“Nothing in life is to be feared, it is only to be understood. Now is the time to understand more, so that we may fear less.” (Marie Curie)

Artificial intelligence in medicine comes with enormous promise but also potential pitfalls. Liu Y et al. [1] highlight the need for a cautious and critical approach to evaluate machine learning tools, as with any diagnostic tool, that must be supported by clinical judgment: “…clinical gestalt plays a crucial role in evaluating whether the results are believable. Results that substantially exceed what even such a hypothetical expert is capable of should be scrutinized and validated carefully.”

The transition from the physician’s handwritten notes to electronic health records and a plethora of digital data ushered in the era of Big Data in medicine. Classical hypothesis-driven research is giving way to data-driven research, with opportunities to pursue novel questions and directions raised from the data itself. The statistical approaches currently used to explore this expanding data universe are often drawn from the field of artificial intelligence. The principle of AI is to mimic the thinking and decision-making capabilities of humans using a variety of algorithmic tools.

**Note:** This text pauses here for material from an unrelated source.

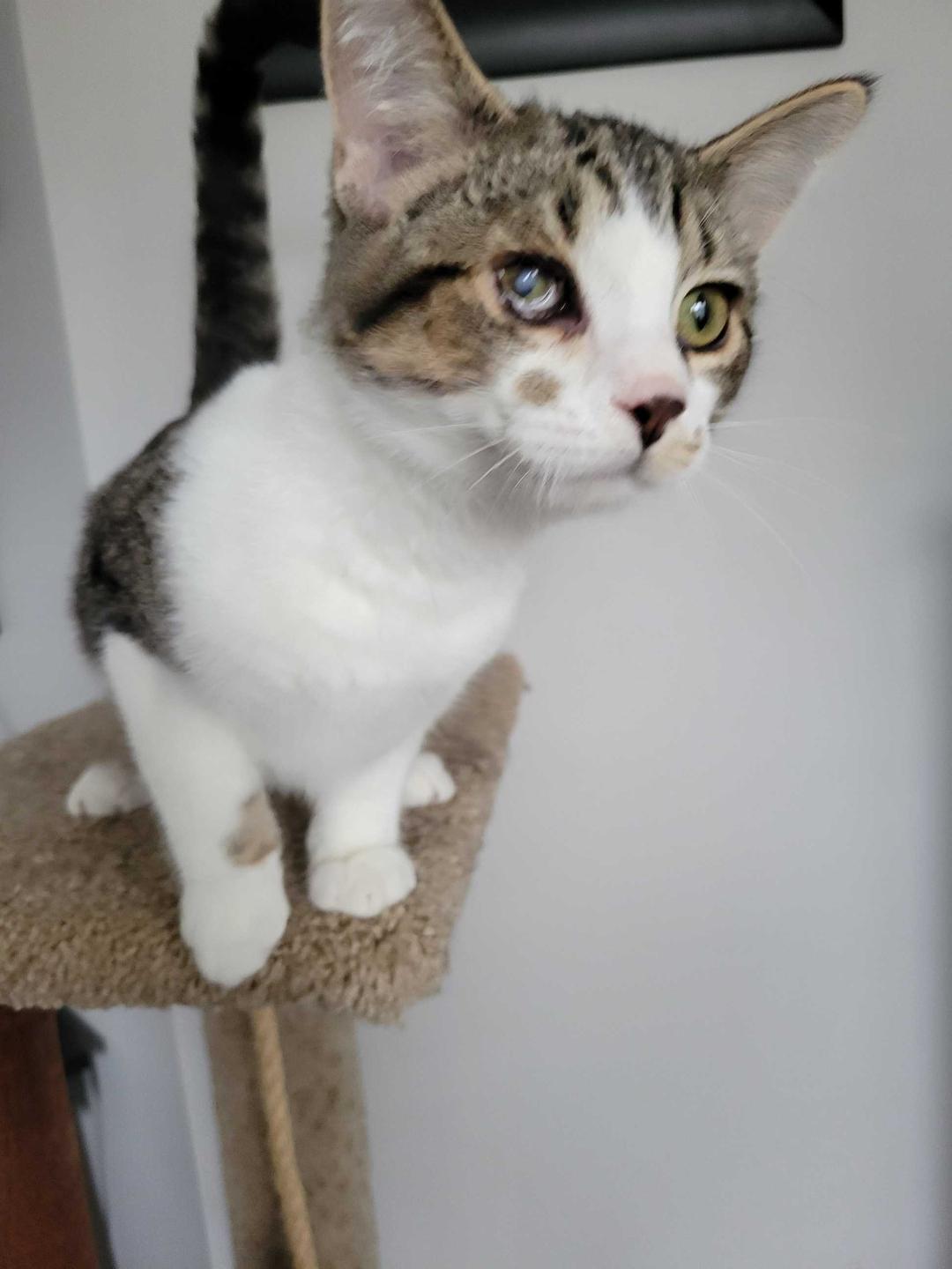 Update August 4th, 2022 - Cooper & Bodhi are now up for adoption . Please take the time and read Cooper s information including the requirements. Then fill out the online adoption application form at avacats.org an adoption co ordinator will be in touch within 48 hours. September 2021 - Cooper and his littermates Bodhi, Tad(adopted) & Dash(adopted) were found in barn at about 6 weeks old with very bad eye infections and URI. Their pregnant mom had been dumped there and gave birth. They were taken to a foster home, put on antibiotics and eye meds. Their mom has been trapped, fixed through the TNR programme and back living on the farm. Fast forward 6 weeks later and they are ready to find homes. Cooper has been flea treated, dewormed twice, received 2 sets of FVCRP vaccines plus rabies, neutered and microchipped. Cooper is a very sweet, loving , playful kitten. Cooper had a corneal ulcer which has healed up nicely. His 3rd eyelid is adhered to his right lower eye lid - born this way, but it doesnt bother him and has been left alone. His eyes still water a little and may always do so. They did go to an eye specialist in Oakville who said they have the herpes vaccine and it will flair up from time to time but just wipe the eye and may have to have eye drops. He is very bonded to Bodhi so we are adopting them as a pair . His adoption fee is $200 Two is better than one, twice the fun and 1./2 the work. AVA has an indoor and no declaw policy. . During this pandemic we are still conducting adoptions, but in ways that protect the health and safety of all those involved and maintaining physical distancing. If you are interested, we ask that you fill out an online application form at avacats.org/adopt/adoption-form. Please choose the location that says Pet Valu, Global, foster homes Hamilton, Ancaster, Burlington. Once we receive the application, you will receive a phone call for a telephone interview. Once you are approved for adoption, the adoption fee is e-transfer only. Arrangements are made to meet at the foster home

Clinical decision-making, as much as art as science, is the final outcome of a complex process that rest on scientific knowledge and clinical experience gained through years of training and practice. Evidence-based medicine (EBM) and clinical trials represent the pinnacle of scientific decision-making. The ability to exploit Big Data with AI offers the potential to greatly accelerate the experience-based component of the decision-making process. This interplay of EBM and AI can ultimately enhance the physician’s performance.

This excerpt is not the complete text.